Robin Raju, the chief financial officer at Equitable, wants to talk about the company's efforts to add lifetime income options to the nation's 401(k) plans.
He wants to talk about the value the company gets from its AllianceBernstein asset management arm.
But the conversation often turns to the rise of the U.S. individual registered index-linked annuity market.
Equitable created the modern U.S. market for RILAs, or variable annuities with crediting rates that depend on the performance of one or more investment indexes, rather than on the performance of funds that resemble mutual funds.
Equitable was the leader in the RILA market in the first quarter. Its RILA sales increased to $3.4 billion in the latest quarter, from $2.2 billion in the year-earlier quarter, according to LIMRA issuer survey data.
Why is the RILA market so strong?
Raju gave Wall Street securities analysts a short introduction to RILAs during a recent conference call that the company held to go over first-quarter results. Here are five things he said about the popularity of the products during the call and an interview afterward.

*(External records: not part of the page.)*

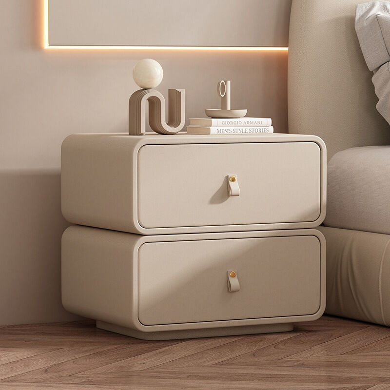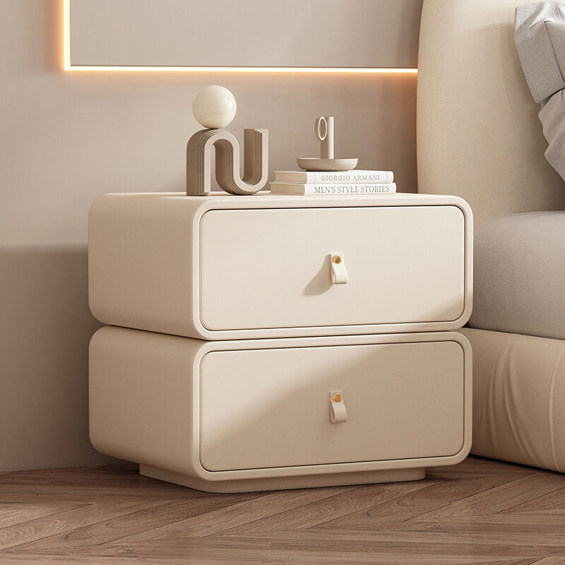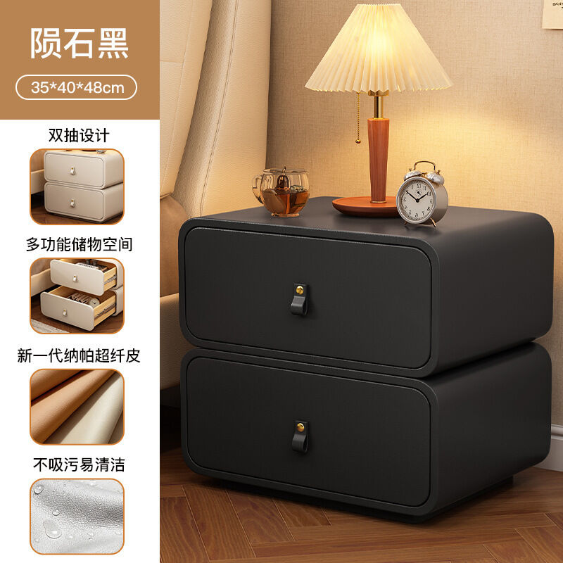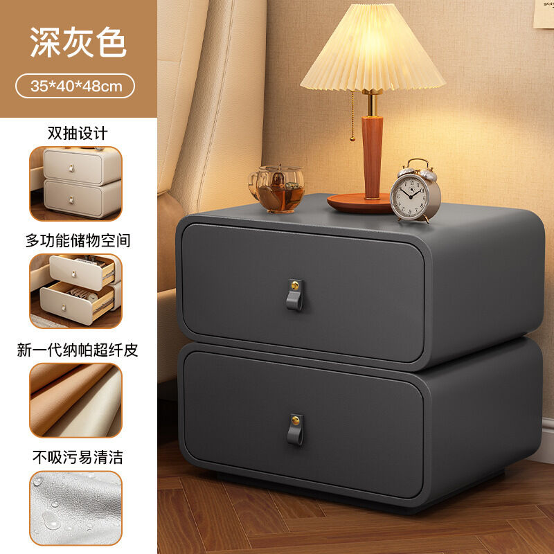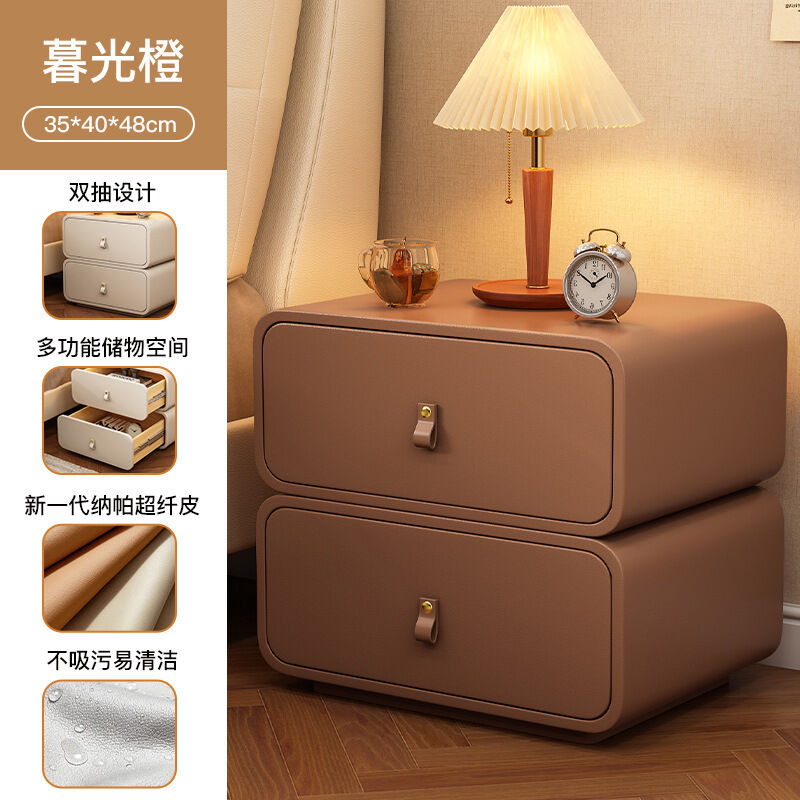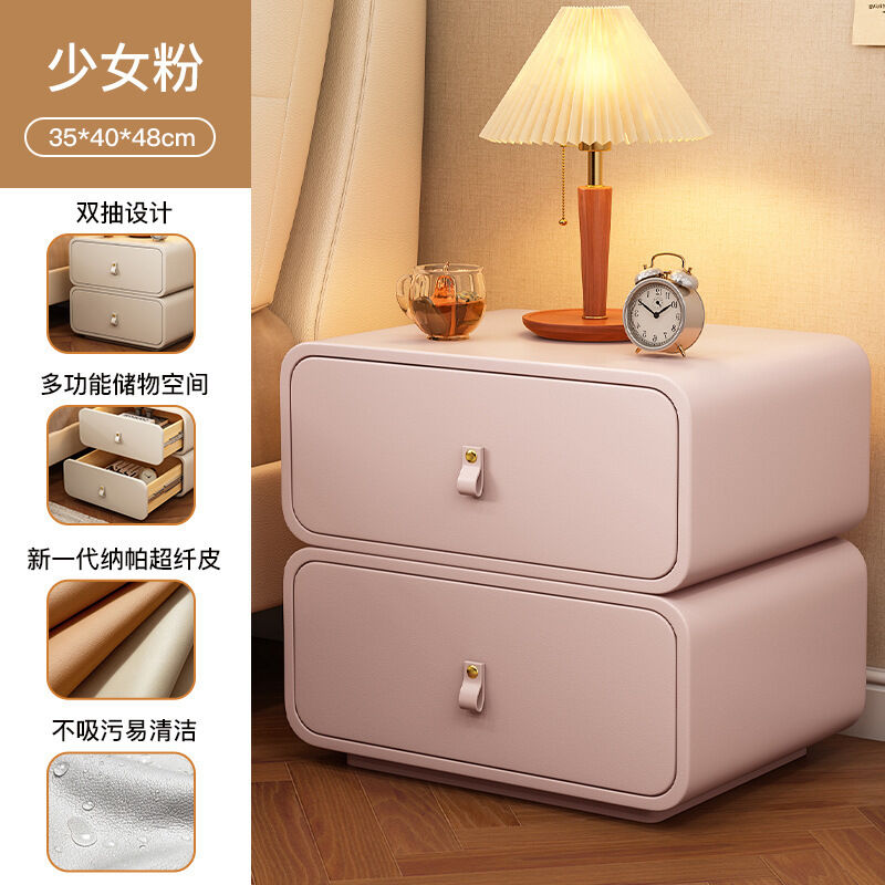 比比優 奶油風床頭臥室櫃家用床邊櫃高級感輕奢皮質收納櫃免安裝床頭櫃子 床頭 便捷
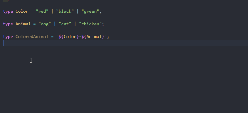type ColoredAnimal = `${Color}-${Animal}`;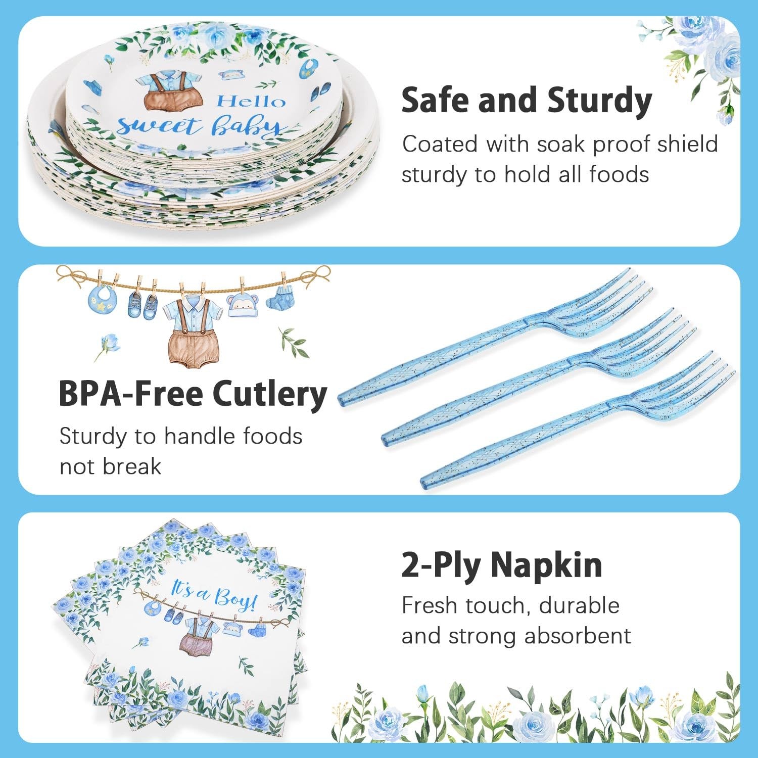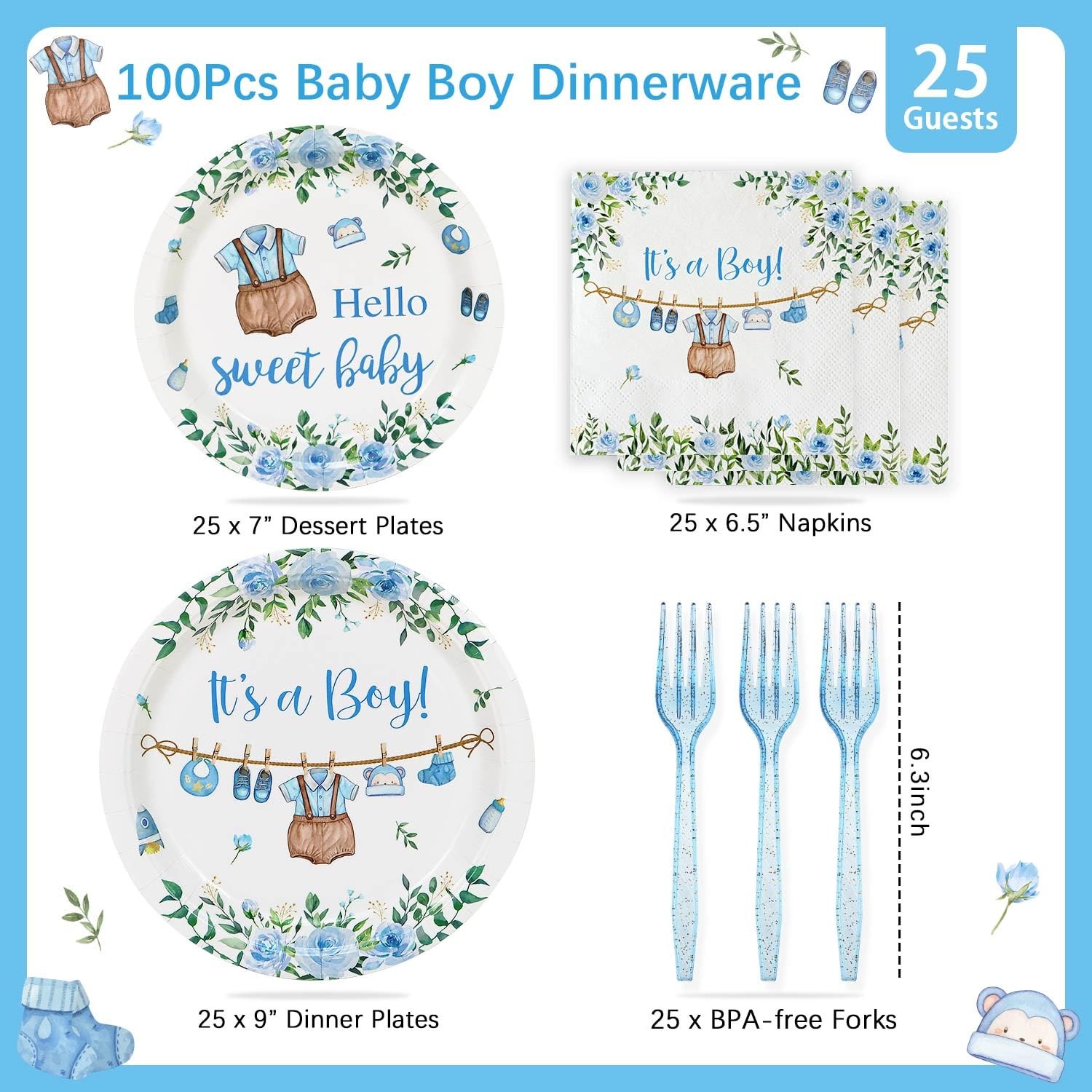 Boy Baby Shower Decorations Plates Set 25 Guests, 100 Pcs Blue It's a Boy Swe...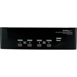 Share a keyboard and mouse as well as 1 VGA and 1 DVI displays monitors between 4 multimedia computers. Compatible with the HP 2012 series docking station. Supports resolutions up to 1920x1200. USB 2.0 hub and MicAudio ports. Quad system control for a single user workstation with dual monitors increasing productivity in the office or at home.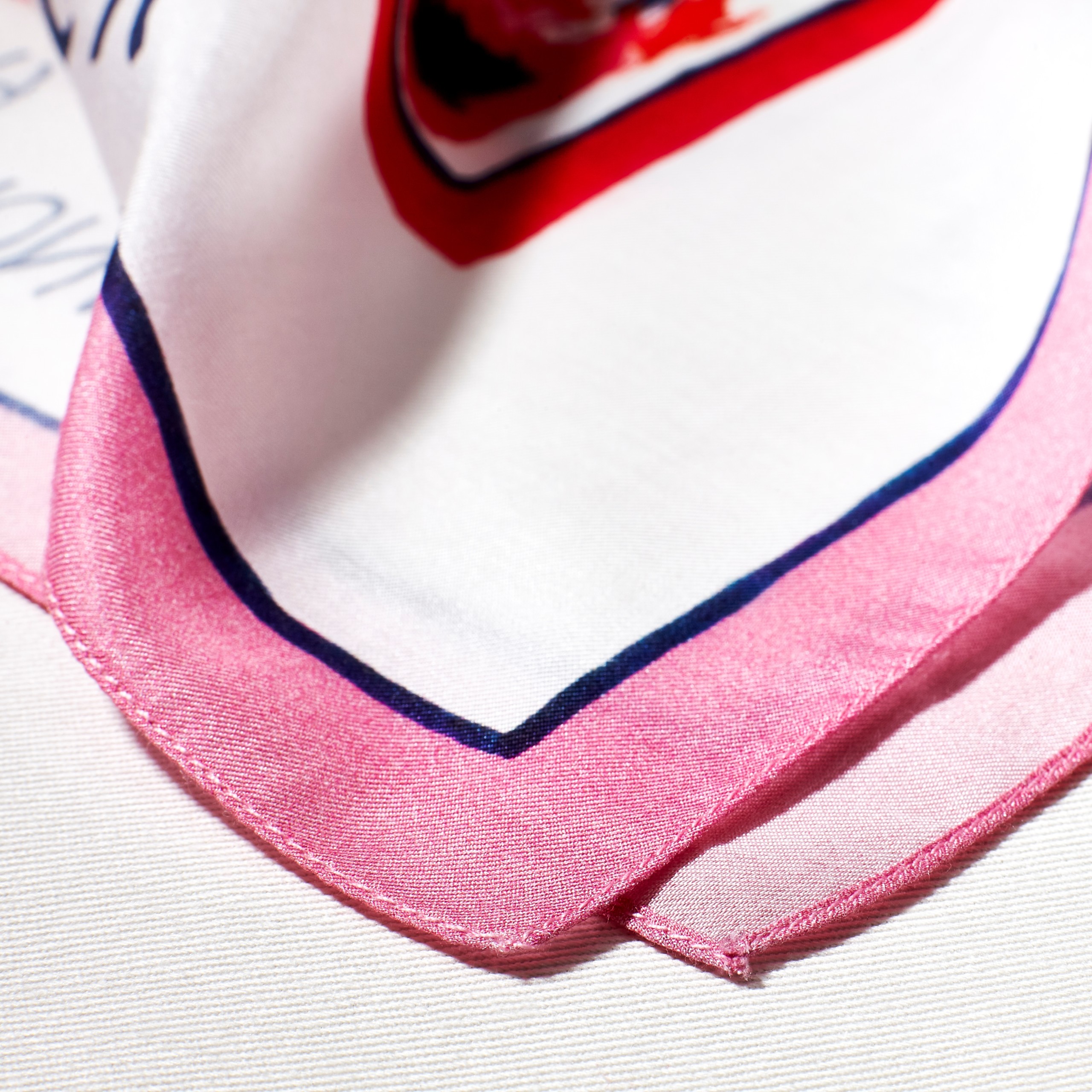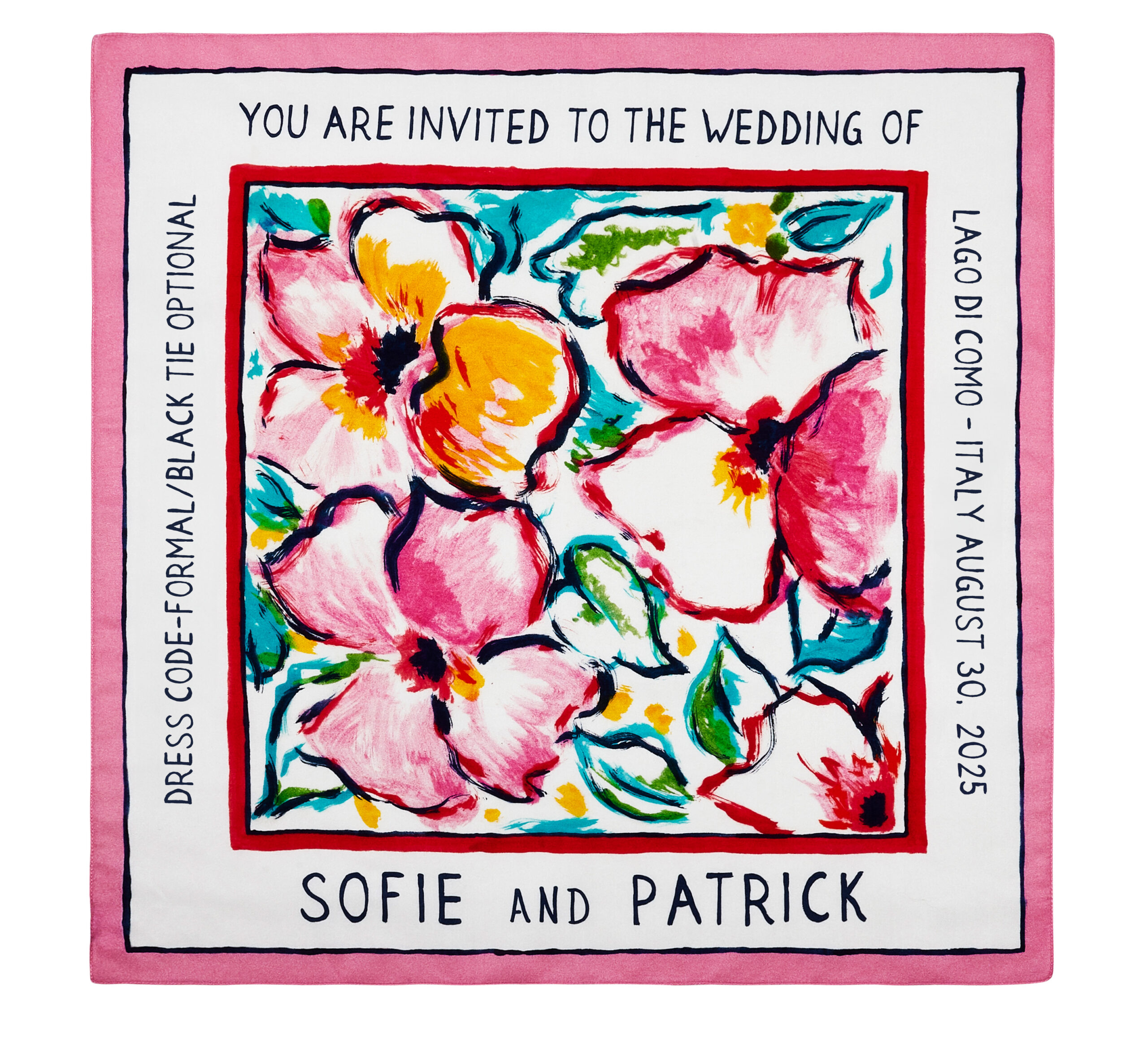 Erich Biehle’s vibrant, hand-painted design brings Lake Como to life. A delicate pink border encases a white inner frame, awaiting your personalized message. At the heart of the design, vibrant flowers and leaves burst forth, reflecting Erich Biehle’s expressive and meticulous style. The scarf showcased by the model is a 55x55cm (approx. 21.6×21.6 in) Silk Cotton piece.
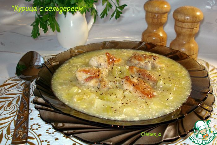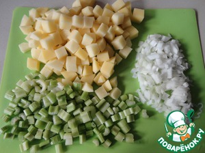 Шинкуем лук. Картофель нарезаем кубиками, сельдерей - не очень мелко.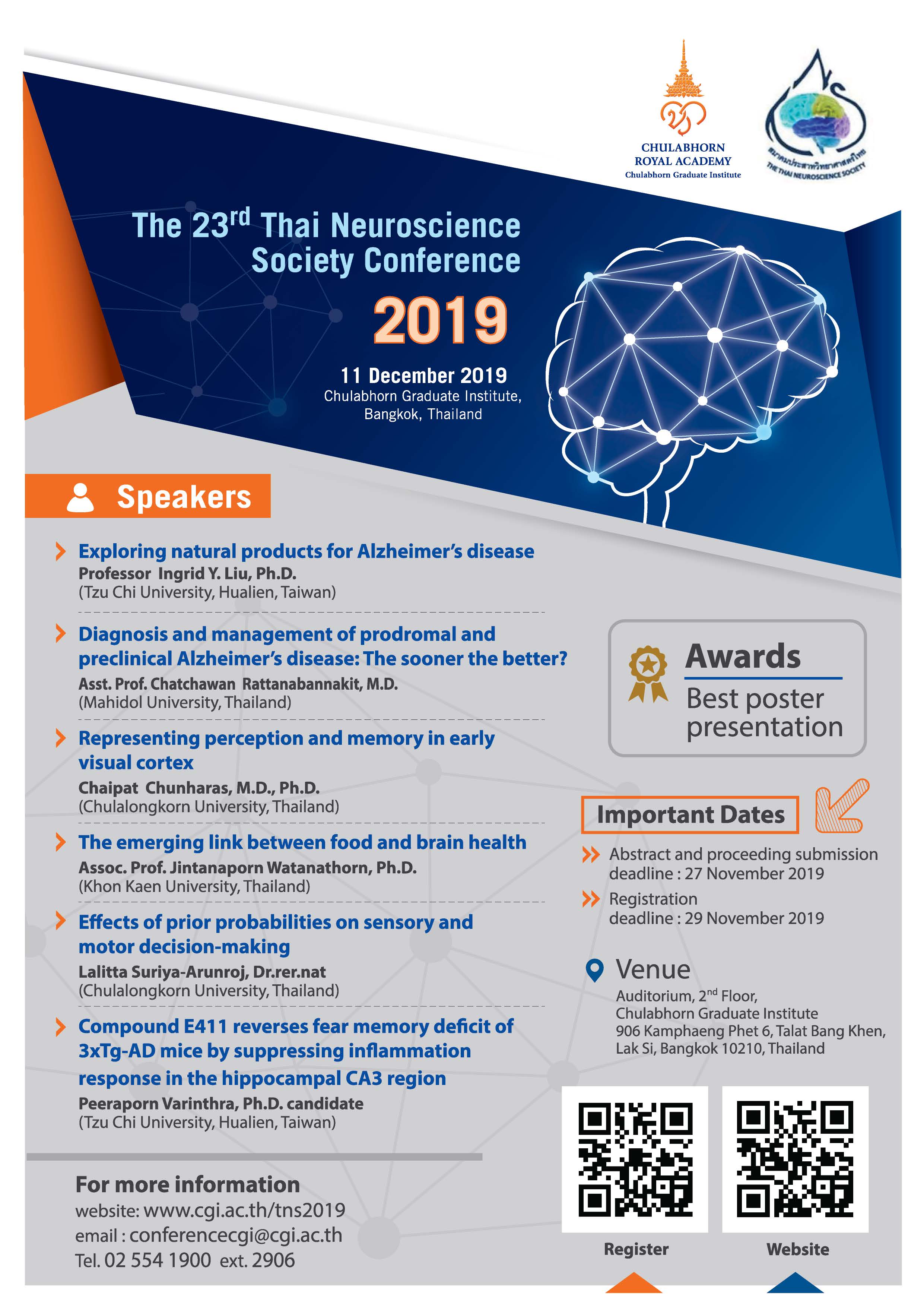 สถาบันบัณฑิตศึกษาจุฬาภรณ์ ราชวิทยาลัยจุฬาภรณ์ ร่วมกับสมาคมประสาทวิทยาศาสตร์ไทย กำหนดจัดประชุมวิชาการประสาทวิทยาศาสตร์ ครั้งที่ 23 ประจำปี 2562 (The 23rd Thai Neuroscience Society Conference 2019) ในวันพุธที่ 11 ธันวาคม 2562 เวลา 08.30 – 17.00 ณ ห้องประชุมใหญ่ ชั้น 2 อาคารสถาบันบัณฑิตศึกษาจุฬาภรณ์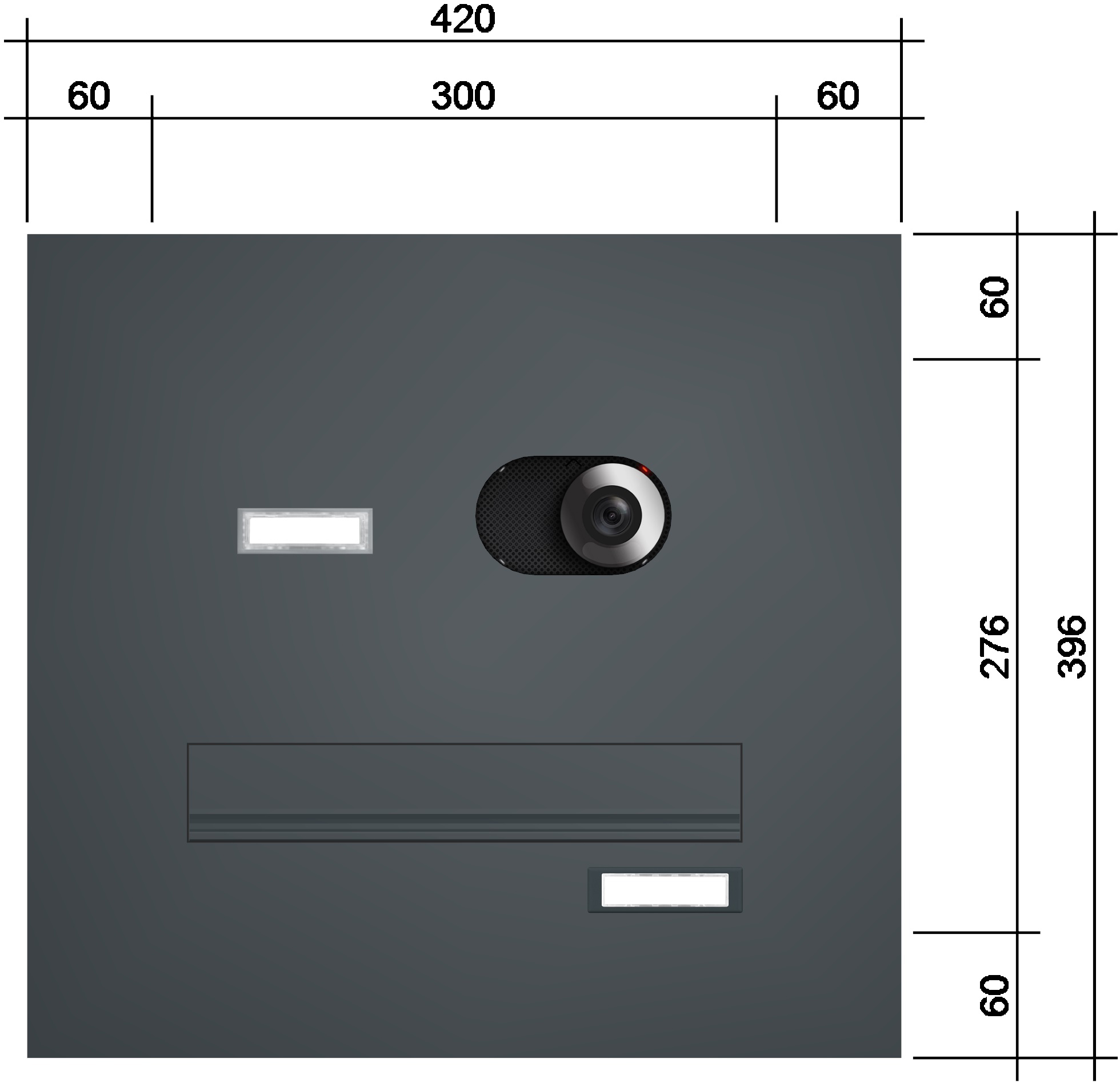 Jeder Briefkasten ist im Kastenmaß von 300 x 110 x 380 mm (BxHxT) ausgeführt, Einwurfklappen 265 x 35 mm (BxHxT).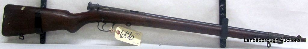 NON RESTRICTED SINGLE SHOT .22, 545MM BARREL. WOOD IS WORN AND HAS VARIOUS STAMPING (INCLUDING QUEBEC STAMP), BLUING IS WORN, BORE IS PITTED

1. The products help clients prepare for retirement.
Raju said offering RILAs is a way to provide a solution that can protect a retirement saver against an adjustable level of investment market risk.
"We allow clients to still participate in the equity market but with downside protection," he said.
2. An issuer can use derivatives to handle exposure to changes in stock or other investment indexes.
Raju sees RILA products as "spread-based" products. That means that Equitable's results depend mainly on the difference, or spread, between the rates it's paying the annuity holders and the yields it gets on the portfolio supporting the annuities.